Uncovering meaning behind paintings or sculptures drew Wayne Craven to the study of art, and sharing that information with others drew him to teaching.
Throughout his career, the recently retired Henry Francis du Pont Winterthur Professor of Art History was able to transfer his enthusiasm to his students, leaving a legacy of scholarly research and appreciation of American art.
In March, the Delaware Symposium on American Art, the oldest permanent forum for the presentation of new research in the history of the art of the United States, honored Craven on his 70th birthday for his contributions to the field.
Seven of the presenters were Craven's former students in UD's doctoral program in art history, and their return showcased Craven's success as a teacher and an adviser during 39 years at UD.
"I have always learned from my students, so when they came back and did such a wonderful program," he says, "it was just a tremendous reward. For all of the time it takes to train the graduate students, ultimately, it's worth it because they do such great things."
Craven includes the accomplishments of his students with his own list of achievements. Some hold professional positions at such notable places as the Metropolitan Museum of American Art, the Philadelphia Museum of Art, Monticello and the Museum of Fine Arts in Boston. Others have gone on to work at such educational institutions as the University of Virginia, the Massachusetts Institute of Technology and the University of North Carolina.
"For those of us that teach, I think one of the important things to do is to convey to students the joy that we ourselves find in knowing and understanding things," says Craven, who received UD's excellence-in-teaching award in 1987. "When I put something beautiful up on the screen in the classroom, my job is over half done. The students warm to it. They like looking at beautiful things.
"Many of my books grew out of my classroom discussions and not just from my graduate classes. If I could tell by the questions from my undergraduates that the way I presented something wasn't that clear, I would rethink it, asking 'How can I make this point more convincing?' They knew things that I didn't know, and I hoped that they would also learn from me."
Craven, who originally trained to be an artist at the John Herron Art School, received his bachelor's and master's degrees from Indiana University. He earned his Ph.D. at Columbia University, where he wrote his doctoral dissertation, Iconography and Style
of the 13th-Century Sculptures of the West Façade of Auxerre Cathedral.
After studying to be a medievalist for so many years, his interest in American art happened almost by accident when he was asked to teach a course in that subject during his first year at UD. Not knowing much about the subject, Craven admits to scurrying around to find information on the relatively unknown field. But, once he began teaching the course, he found the subjects and the style of the art held an attraction for him.

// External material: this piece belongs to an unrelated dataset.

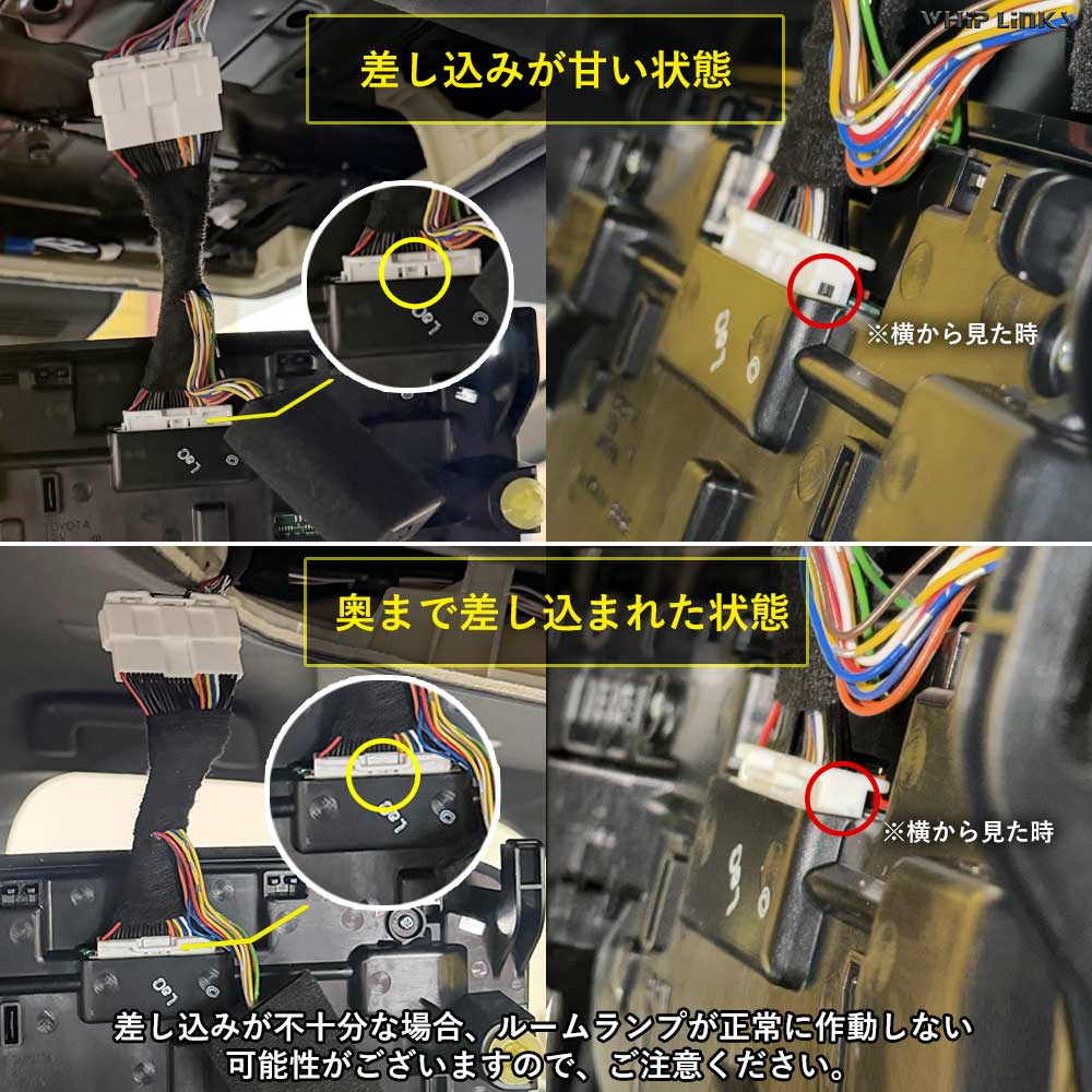 カプラーの差し込みが不十分の場合、ルームランプが正常に動作しない可能性がございます。
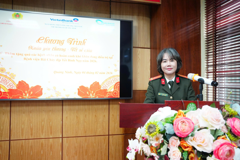 Đại diện đơn vị phối hợp, đồng chí Trưởng phòng Hồ sơ nghiệp vụ – Công an tỉnh Quảng Ninh chia sẻ mong muốn chương trình trao tặng quà cho người bệnh có hoàn cảnh đặc biệt, khó khăn sẽ góp phần chung tay cùng ngành y tế chăm lo tốt hơn cho người bệnh có hoàn cảnh khó khăn, để không ai bị bỏ lại phía sau trong dịp Tết. Đây cũng là hoạt động thể hiện tinh thần trách nhiệm vì cộng đồng của lực lượng Công an nhân dân và các đơn vị đồng hành.

"With American art," he said, "I felt so much more. I was dealing with the heart of my own people, and I had an affinity for it that had never happened when I was studying medieval art."
As he was preparing for the next semester, Craven decided there was an incomplete listing of American sculpture. So, in the summer of 1964, he and his wife, Lorna, started in Maine and worked their way south to Charleston, S.C., and then west to Cincinnati. They went to every cemetery, public park, library and town hall--any place they might find a sculpture.
"It took the whole summer," Craven remembers. "When I got to Cincinnati, the muffler fell off of my car. The car and I both said, 'This is enough.'"
Methodically, Craven kept all of the information he collected that summer on 3x5 cards, with photos of the pieces attached. He then allowed the Smithsonian to add his research to an ongoing pilot project on American art. Craven contributed 14,000 pieces from his index.
"The Smithsonian sent a truck up to Old College, backed it up the building and carried off all of my index and photographs," he says. "All I could picture was this truck lying on its side on the road with pieces of paper blowing everywhere. I said to myself, 'There goes my index.'"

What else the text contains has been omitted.